ビルメンテナンスロボットの普及促進を担う組織として「日本ビルメンロボット協議会(JBMRC)」があります。この組織は、2018年7月にビルメンテナンスロボットメーカーを中心にした14社で発足しました。これはビルメンテナンスロボット普及促進コンソーシアムが発展して組織化されたものです。

協議会では、ビルメンテナンスロボットの普及促進に加え、産学協同による研究開発や政策提言、ロボットの実装環境の整備を目的に活動を行っています。ロボットメーカー以外の会員も増えたことで、様々な意見を取り入れながらビルメンテナンスロボットをより普及できる体制を整えています。

同組織ではテーマ別の7つのワーキンググループを設置し、ロボット実装の環境整備に取り組んでいます。ワーキンググループでは普及促進の検討・実践戦略として、たとえば吸引型業務用清掃ロボットの性能評価基準について日本環境管理学会と共に策定を進めたり、会員企業を相手に全国でロボット講習会や実際に操作を体験してもらう場を設けたりもしています。また、国内で開催される展示会にも積極的に参加し、製品の普及に尽力しています。

ビルメンテナンスロボット導入に向けた課題

ビルメンテナンスロボットは長時間動かしていてもパワーが落ちない点が大きな魅力です。また、人が入れないような所や危険な場所にも侵入可能です。そのため、人が事故に巻き込まれるリスクを負うことなく業務を遂行できます。さらに、ロボットが普及することで業界の人材不足の問題をカバーすることが期待されています。

このように、様々なメリットがあるメンテナンスロボットですが、一方で導入に向けた課題もあります。ロボットを導入するためには本体の費用だけでなく、稼働するために必要な電気代やメンテナンス費用などがかかります。人を採用しても人件費や研修費用などのコストはかかりますが、ロボットを導入する場合は人を採用した時にかかるコストと同じか、それ以下でないと手が出しにくいという問題があります。

また、開発面の課題として、清掃ロボットはモップやクロスを手に持ち、それを動かしながらクリーニングするなど、緻密で柔軟な動きが求められます。5本指を活用したり、人と同じ歩行スピードで歩いたりするなど、人に近い動きが必要です。

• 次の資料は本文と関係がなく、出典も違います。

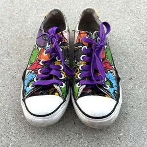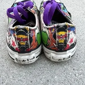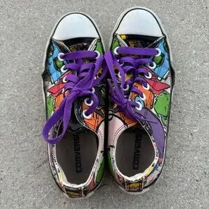 Converse Chuck Taylor All Star Sneakers Unisex Mens Womens rainbow graffiti cartoon characters animated drawings art abstract whimsical colorful multicolored purple classic weathered worn rare low top lace up

開発にかかるコストについても、清掃ロボットに必要な部品は自動車を製造する際に必要になる部品数と変わらない程度となっているため、どうしてもコスト高になってしまうという問題があります。しかし開発技術の進歩に伴い、費用は低くなる可能性があるため、生産・導入費用ともに改善が期待できます。

将来のビル清掃はロボットが基本に?

将来的にメンテナンスロボットが普及するようになると、現在人が中心として行っているビルの清掃業務をロボットが中心となって行うようになります。人はロボットの保管や修理、ソフト交換などの作業、緊急クレームの対応などが主な業務になるでしょう。

清掃作業がロボット中心になることで、人の作業時間も減少するため、人手不足の解消が期待されます。作業負担の軽減や危険を伴う作業を回避できる点も魅力です。人でなければできない作業とロボットに任せられる作業を分けることで、より効率的にビルメンテナンスが実施できます。

展示会ではロボットの操作体験ができます。メンテナンス業務に導入しようかと考えている場合は、ぜひ会場に行って説明を聞いてみるとよいでしょう。

まとめ

ビルメンテナンスロボットの導入には費用面など課題もありますが、人材不足を補うための重要な役割を担っています。24時間作業が可能で生産性が高いのが魅力です。また危険を伴う作業もロボットなら安心です。今後は人が必要な作業とロボットが得意とする作業を分けて行うことで、より効率的なビルメンテナンスを実践できるでしょう。